Basically most reptiles cannot see the red spectrum of light therefore they would appear to be in darkness. Its dependant on the lizard/snake species but I would always prefer to use ceramics over bulbs. 

For beardies you would need UV anyway which would provide the photo period. Is keeping beardies what you had in mind?


----------



## TIMMAY (Jan 29, 2007)

I currently use ceramics for my royals, but in the past when kept diurnal species of lizard, i have used a heat mat to control temp day and night, and created 'basking spots' by using clear spotlights during the day. I did this mainly because i thought that the increased levels of light (from the spot lights in addition to the uv tube) were important to the lizards.
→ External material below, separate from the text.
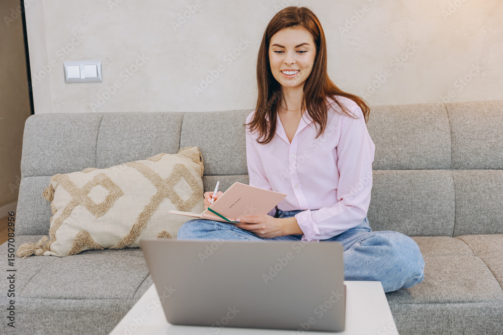 Young Woman Taking Notes While Watching Online Course on Laptop at Home

However i am very happy with my current set up using ceramics, but was wandering if i get lizards again can i use soley ceramics or do i need to create the 'basking spots' using a spot lamp?

I am not doubting you at all, but what is the reason using red bulbs 24/7 would be considered bad practice?

Oh and sorry for the long post!


----------



## welshgaz (Dec 12, 2005)

well i'd say bad practice because it would depend on the red bulb... there is only a certain spectrum of light they cannot see. If you go getting bulbs that are slightly clear at the top for example they would no doubt still see some light.... 

i also believe you should provide a drop in temperature at night time, therefore the bulb should be turned off. Most lizards will tollerate temps as low as 65f for a few hours during the winter so there is simply no need for heating during the nights


----------



## TIMMAY (Jan 29, 2007)

Cheers for clearin that one up pal!


----------



## welshgaz (Dec 12, 2005)

no worries dude....


----------